市によると、2基ある焼却炉は2008年4月の操業開始で、1日最大各35トンのゴミを処理できる。排ガスに含まれる窒素酸化物、硫黄酸化物、塩化水素、ばいじん、一酸化炭素の5種類の物質をセンターの煙突そばで測定し、データ(最大、最少、平均値)をまとめている。平均値の結果は、センター前の電子表示板やホームページなどで公表していた。
問題発覚は5月下旬で、上田公司市議(共産)がセンターを視察した際、中央制御室の端末で「ピークカット設定」との表示に気づいた。同行の市職員も知らなかったため、三機工業に問い合わせると、平均値が基準値以下に表示されるように設定していたことを認めた。
廃棄物処理法施行規則では、排ガス中の一酸化炭素濃度は100PPM以下の状態でごみを焼却するように定めている。
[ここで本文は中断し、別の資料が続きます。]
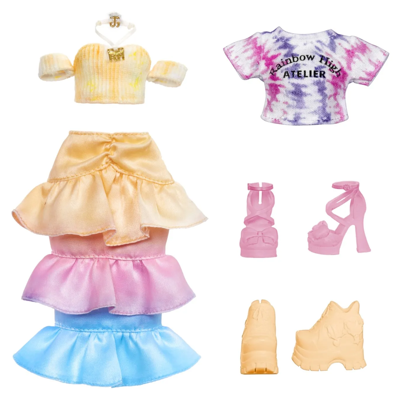 Rainbow High Watercolor & Create face extrem de usor sa-ti creezi propria papusa personalizata Rainbow High in multe moduri diferite, inclusiv cu Tie-Dye! Poti folosi acuarelele lavabile si pe propriul par! Apoi, doar clateste si repeta pentru a crea din nou.Adauga apa in cele 6 pulberi colorate pentru a crea acuarele, apoi coloreaza hainele si parul. Include 6 culori (roz, portocaliu, galben, verde, albastru si violet) pentru a face atat de multe desene colorate. Este atat de simplu!Pentru desene precise, aplica acuarelele folosind buretele cu doua capete direct pe haine si par. Atatea moduri de a te distra!Include elastice pentru a crea modele amuzante de tie-dye – spirale, straturi si multe altele.Sabloanele fac usor sa creezi forme amuzante pe par si haine.In plus, fata de papusa imbracata intr-o tinuta alba (bluza alba, fusta alba si pantofi albi), primesti si un tricou si pantofi bonus.Este atat de usor sa repeti procesul. Pur si simplu spala cu apa si sapun, lasa sa se usuce si incepe din nou sa creezi!Coloreaza-ti si tu parul! Doar aplica pe suvite pentru a adauga culoare parului tau. Nota culoarea va fi mai vibranta pe parul mai deschis!Papusa Watercolor & Create are par lung cu bucle si o codita impletita, gene lungi si ochi din sticla. Colectioneaza intreaga gama de papusi Watercolor & Create.Este inclusa 1 papusa exclusiva cu o tinuta complet alba si incaltaminte pentru papusa plus tricou si pantofi bonus, 6 acuarele lavabile colorate, burete cu doua capete, elastice, sablon, pahar de masurare, bol de unica folosinta, lingura si pieptene.Fiind complet articulata, este super distractiva si usor de personalizat. Capul, bratele, mainile si picioarele se indoaie pentru multe pozitii amuzante, inclusiv spagatul! Sau o poti expune pe suportul inclus pentru papusa.
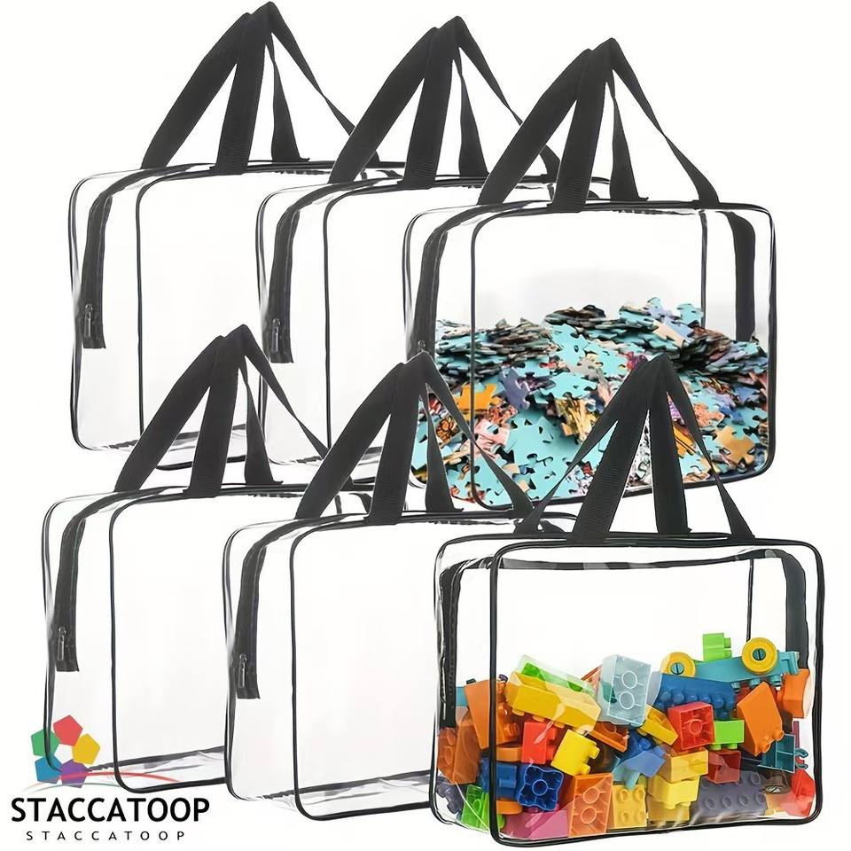Juego de bolsas de almacenamiento transparentes, 6 uds., bolsa organizadora de juguetes impermeable de PVC para niños, almacenamiento de maquillaje para viajes y playa
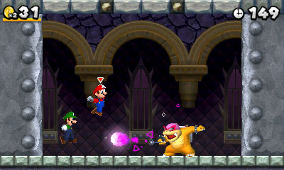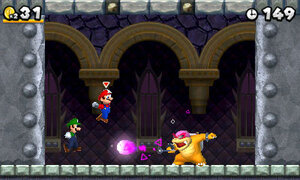 Mario hetzt natürlich zunächst durch sechs mögliche Welten: Er rennt, klettert, hangelt, taucht, schwebt, flattert, fliegt und muss sich mit einer Reihe Gegnern auseinandersetzen, die wir alle schon wie gute Bekannte kennen: Die watschelnden Pilze, die patroullierenden Schildkröten, die schnappenden Fleischfresserpflanzen, die fliegenden Fische, die bösen Geister und die fiesen Feuerbälle. Und wie stets geht es darum, ihnen auszuweichen oder notfalls den Garaus zu machen. Doch lieber nicht zu schnell, denn manchmal kommt Mario auch nur an höhere Ebenen und an die Geheimverstecke der Riesenmünzen, wenn er zum rechten Zeitpunkt auf einen Kontrahenten hopst und ihn dann als Sprungschanze nutzt.
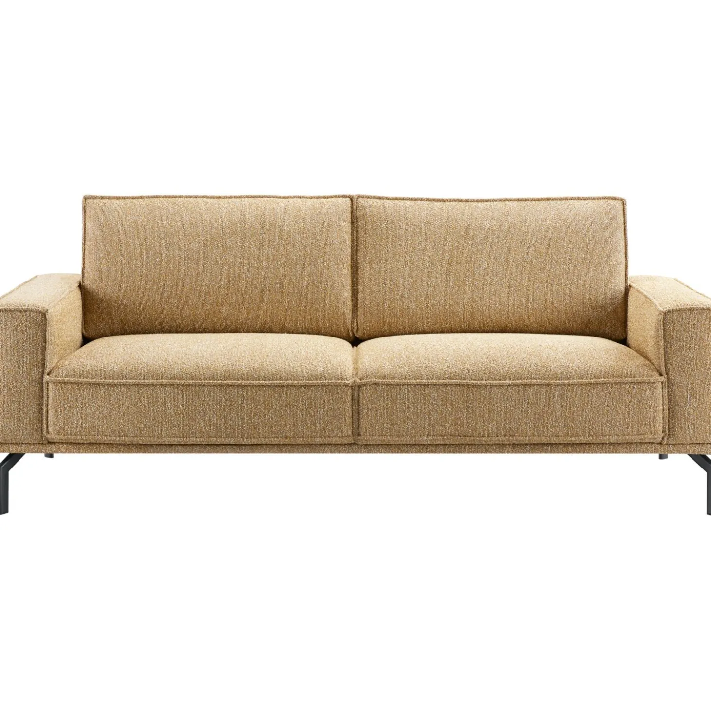 | Uitvoering | Uitgevoerd in stof flona 21-mustard met pocketvering met een toplaag van polyetherschuim in de zitting, HR-koudschuim in de rug en zwarte metalen poten, hoogte 19 cm. |

ピークカット設定の結果、100PPM以上を測定すると99PPMと表示されるようになっていた。6月12日に設定を解除すると、同23日までの12日間で、一酸化炭素の1時間平均は国の施行規則で定める100PPMを6回上回り、19日正午には276PPMという高い値を測定した。他の4物質についても施行基準の値を下回るよう設定されていたが、解除後に基準を超えたことは今のところないという。
市は「メーカーが独自に設定していたもので、市は関与していない」としている。ただ、08年の操業開始以降、市は第三者機関に有害物質の測定を依頼。その第三者機関からは、一酸化炭素について、基準値を超える測定結果が複数回提出されていながら、何ら対応せず、「放置」していた実態が最近になって判明。市はこの点について、「結果は、課長含む担当者4人ほどで回覧していた。担当者が異動したので、COが基準値を上回っていたことに気づいていたかは、分からない」と釈明しているが、市側でも早い段階で測定値操作に気付く機会があったことになり、市民の不信感を増幅させている。
三機工業広報IR部の担当者は取材に「すでに退職した当時の責任者を含め、関係者に聞き取りなどをして経緯や目的を調査している。鳴門市民の方には大変迷惑をおかけして申し訳ない」と述べた。市は今後、三機工業からの調査結果を踏まえ「地域全体に説明していきたい」としている。